The photograph showed five Washington Post reporters smiling as they shared drinks and food at a restaurant.

Rachael Bade, a congressional reporter for the paper, declined to apologize for the picture. Instead, she deleted it and accused people of misinterpreting it.

“I’m deleting a tweeting tonight that is being misinterpreted by some as an endorsement of some kind. To be absolutely clear, we at the Post are merely glad we are getting a break for the holidays after a long 3 months. I will retweet the group photo w/ a better caption!” she wrote late Wednesday.

She had not shared the picture again as of Thursday morning.

The other employees of the paper in the picture did not comment on what happened.

Media workers from other outlets said that the picture and caption were a terrible portrayal of news agencies.

“This is a really, really bad look and it reflects negatively on all of us in the media. Really distasteful by the WaPo team here,” Bill Melugin of Fox Los Angeles wrote on Twitter. He told Bade: “What the hell were you thinking when you tweeted this? Some of us still care about ethics and unbiased reporting and this garbage makes it harder for all of us by reinforcing a stereotype.”

“Washington Post celebrating the impeachment of their biggest political opponent. An impeachment that they worked so hard to achieve over several years,” added Mollie Hemingway of The Federalist.

“Why do we do this to ourselves? Not a good look,” wrote David Martosko of the Daily Mail.

A spokesperson for the Washington Post told the Hill that Bade’s tweet was “ill-considered.” “The reporter who sent out this ill-considered tweet was celebrating being off the clock after a long day covering impeachment,“ the spokesperson said. ”She wasn’t celebrating impeachment.”
Bade and several other reporters penned a piece claiming to take readers “inside the decision to impeach Trump.”

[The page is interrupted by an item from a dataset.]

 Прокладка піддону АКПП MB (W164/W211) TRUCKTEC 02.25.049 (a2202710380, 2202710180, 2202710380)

The writers claimed that there was “an avalanche of damning facts and compelling testimony” that Republicans had “to confront” and cited anonymous sources to make several claims about Trump, including an allegation that the president “found it depressing” to walk by the portrait in the White House of former President Richard Nixon, who resigned rather than face an impeachment.

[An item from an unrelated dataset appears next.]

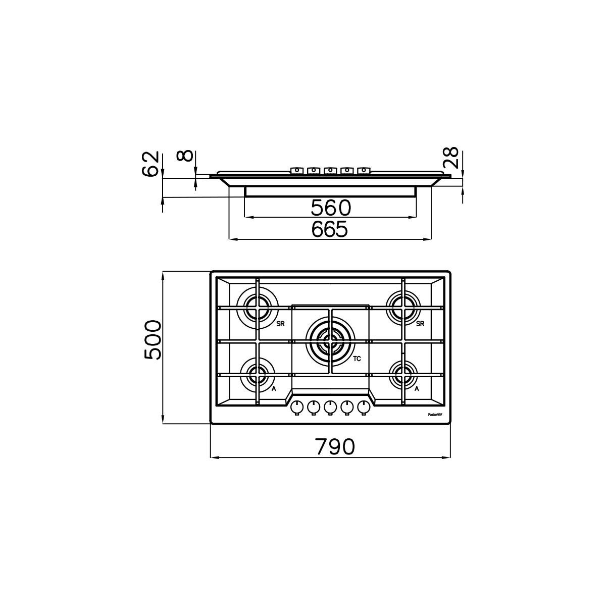 Foster 7602 032 - Piano Cottura a Gas KE Sopratop, Inox spazzolato, 79x50 cm

The witnesses brought in by House Democrats “kept generating headlines of damaging information for Trump,” the reporters wrote. They referenced U.S. Ambassador to the European Union Gordon Sondland telling lawmakers “he delivered the quid pro quo message to Ukraine”—Sondland said he was “presuming“ the allegations—and diplomat William Taylor’s account of a Ukraine meeting, which was rife with secondhand information.